Gescooperativo, the manager of the associated rural savings banks at Banco Cooperativo, has taken a step forward in this regard and has included Additional liquidity windows in its Rural 2027 Stock Market Guarantee, Rural Guaranteed 2027 and Rural 4 Fixed Income Guarantee funds. The first two have added new liquidity windows to their brochures on November 10 of each year, until the expiration of their respective strategies, while the third has done the same on January 15 of each year. Thus, these funds will now have semi-annual exit points with no refund fee, doubling until between 14 and 16 total liquidity windows.

NEW STARTING GUN AFTER THE 2012 PEAK

Guaranteed fixed-yield funds skyrocketed in the great financial crisis of 2008. In 2007, they managed nearly 17.6 billion euros, according to Inverco. A year later, when the crisis exploded globally after the bankruptcy of Lehman Brothers, its assets already amounted to more than 21,250 million, and in 2012, the year in which Mario Draghi delivered his famous “Whatever it takes”, his assets had climbed to close to 36.4 billion, its all-time high.

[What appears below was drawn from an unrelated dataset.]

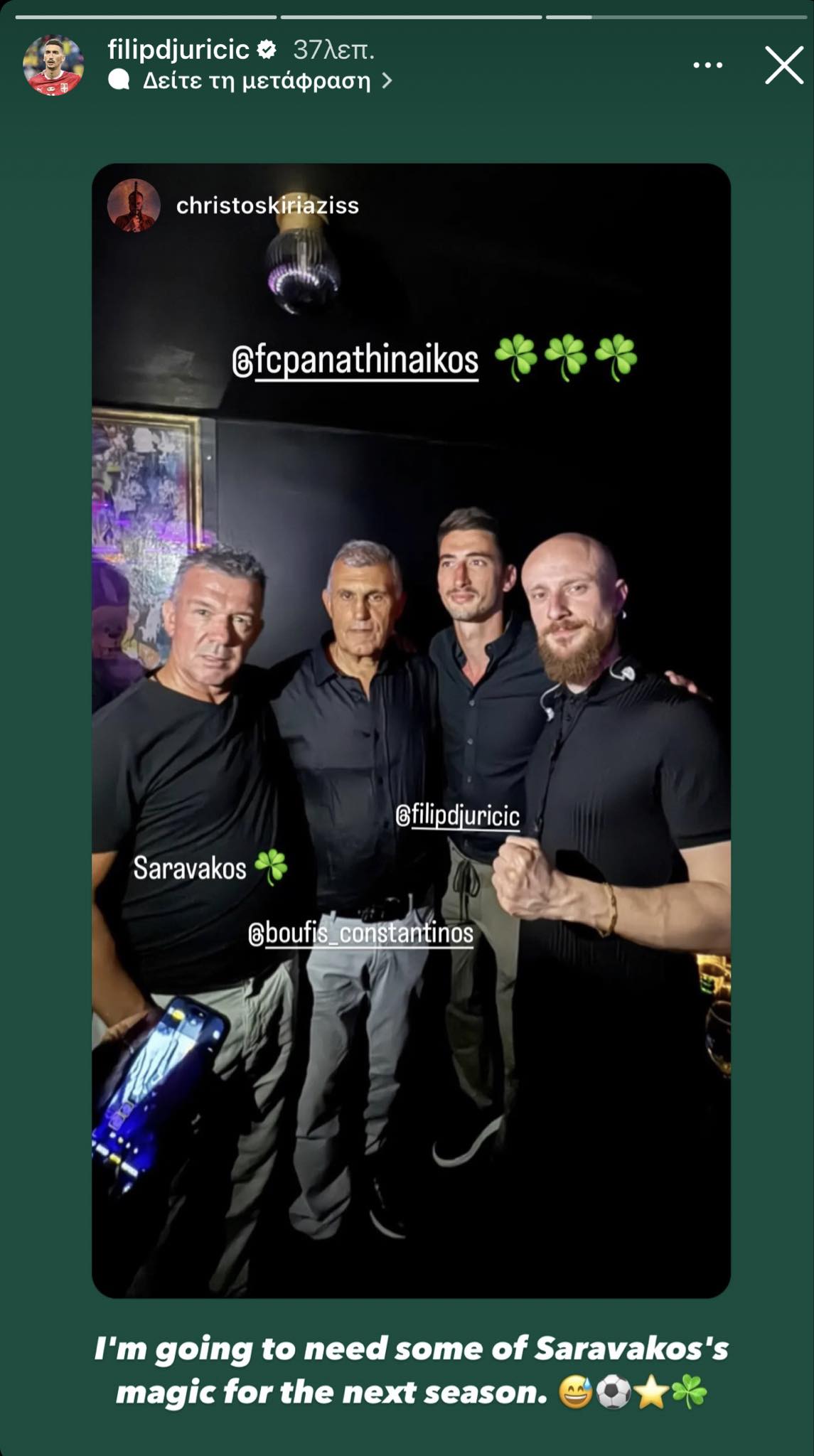 Ο πρώην ποδοσφαιριστής της Σαμπντόρια συναντήθηκε με τον Δημήτρη Σαραβάκο και κοινοποίησε ένα «στόρι» στο Instagram με τον θρύλο του συλλόγου.

Since then, the risk premium in the countries of the euro zone has been relaxed and progressively stopped building. Today, its assets barely touch 4,800 million.

The renewed starting pistol shot was given by Mapfre Asset Management, with the Mapfre Sanitary Commitment. It is a three-year guaranteed fund (until 2023) which has as its underlying asset a bond issued by the Community of Madrid intended exclusively for the fight against Covid-19. It will offer a 3% return in the three years payable at maturity, at a rate of almost 1% a year, "well above bond yield", which has been issued at 0.36%, thanks to an additional contribution from the manager itself, close to one million euros. The bond issue has been fully subscribed by Mapfre AM, which has been the promoter of the initiative.